Olympic Twitter rules – unenforcable


Reading the rules the IOC is imposing on athletes competing at London 2012, makes me cry out loud.  IOC, STOP and THINK.  You are potentially challenging the largest consumer-powered communication engine to a fight to the death and I think I know who’ll win.

What is social media best known for – quick updates and fast thinking sound bites.  Here’s what people accredited for the Games can do “…postings, blogs or tweets should be in a first-person, diary type format and should not be in the role of a journalist – i.e. they must not report on competition or comment on the activities of other participants or accredited persons.”

So I can say what I’m doing but not that I just beat someone else or noticed them eating, breathing or taking off an (unbranded) shirt.

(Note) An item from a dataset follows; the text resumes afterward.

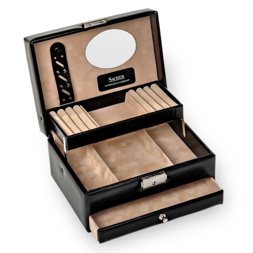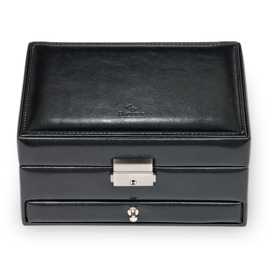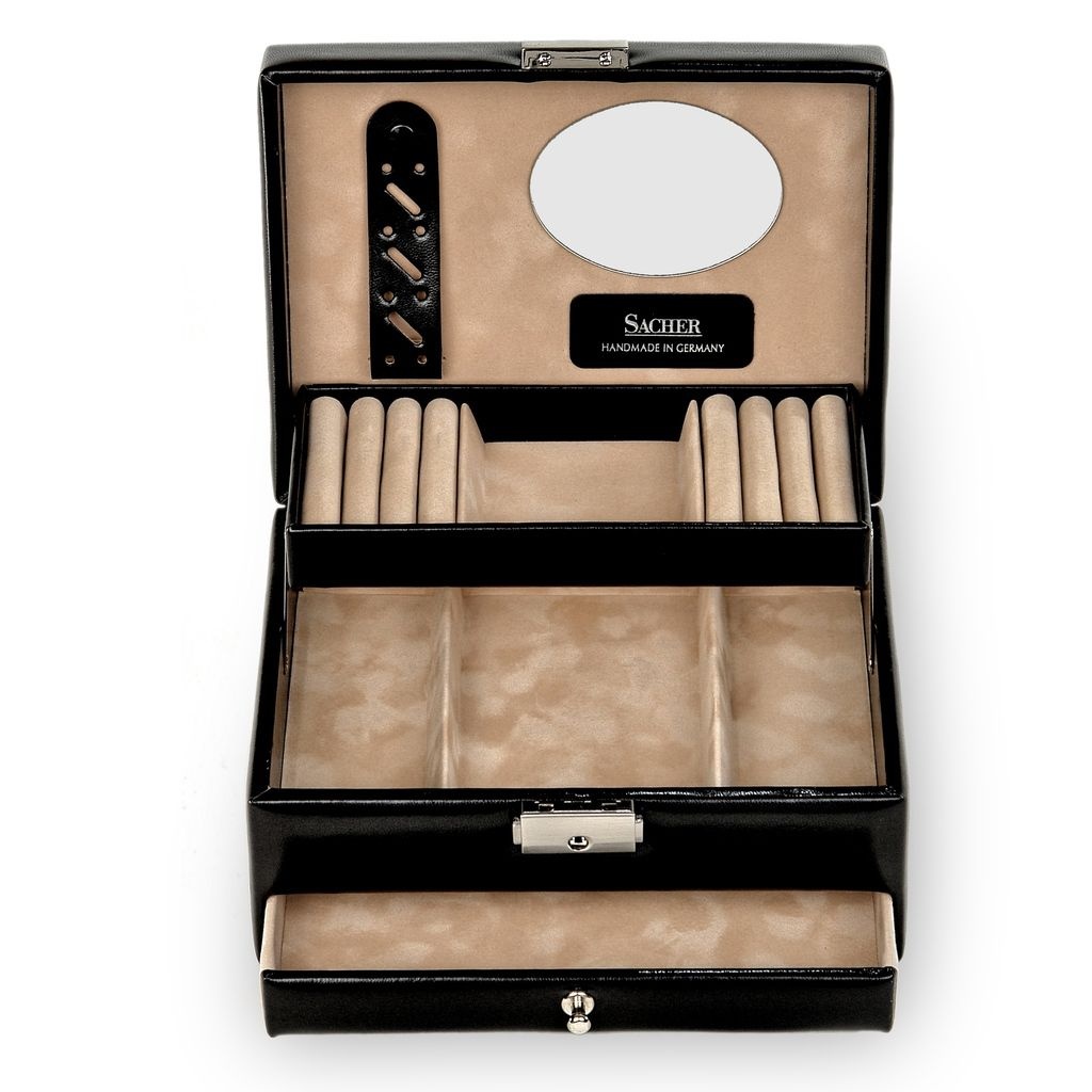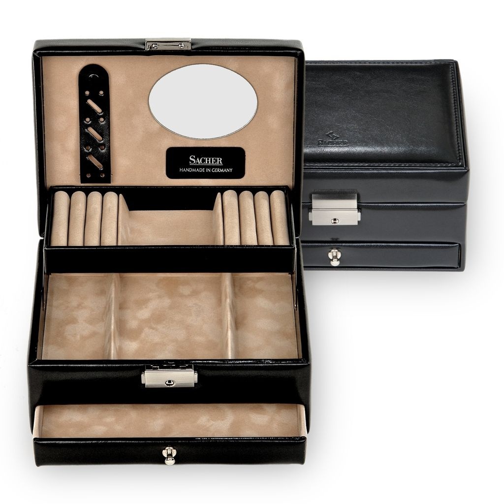 Unser luxuriöser Schmuckkoffer ist die ideale Lösung, um Ihre wertvollen Schmuckstücke sicher und stilvoll aufzubewahren. Dieser exquisit gestaltete Schmuckkoffer vereint Ästhetik und Funktionalität auf perfekte Weise, um Ihre Schmucksammlung zu schützen und gleichzeitig einfachen Zugang zu Ihren Lieblingsstücken zu bieten.- mit 2 Ringpolstern- großer Schublade- abschließbares Schloss- Schmuckband im Deckel- Automatikfach (selbsthebend)- 3 unterteilten Fächern- Spiegel im Deckel- 100% handmade in Germany

All sounds unworkable and just too onerous – except that the threat of being chucked out and de-accredited may mean athletes decide just not to do any social media at all to be on the safe side.

As one commentator, Chris Matyszczyk, says

…the IOC might not yet understand the instant impulses that tweeting engenders. You grab your phone. You cradle your laptop. Out pop words whose speed is that of a Usain Bolt from the blue.

The long history of regulation and control of the Olympic branding and logo is well known (Rowperfect even  got a “cease and desist” letter in 2000 for using a photo of an athlete in GB kit and mentioning that they trained using our product, as did Carl Douglas).

So the rules include the statement “Participants and other accredited persons must not use the Olympic Symbol – i.e. the five interlocking rings used alone on their postings, blogs or tweets on any social media platforms or on any websites.”  You also can’t create a website with the word olympic in the URL but can create a sub-page like rowperfect.co.uk/olympics – for the duration of the games….till 15th August 2012.  What’s the point?  Make and leave a legacy not create and take down.

And above all there’s full personal legal liability AND the Games police will be watching from the Olympic offices www.olympicgamesmonitoring.com password protected and restricted access.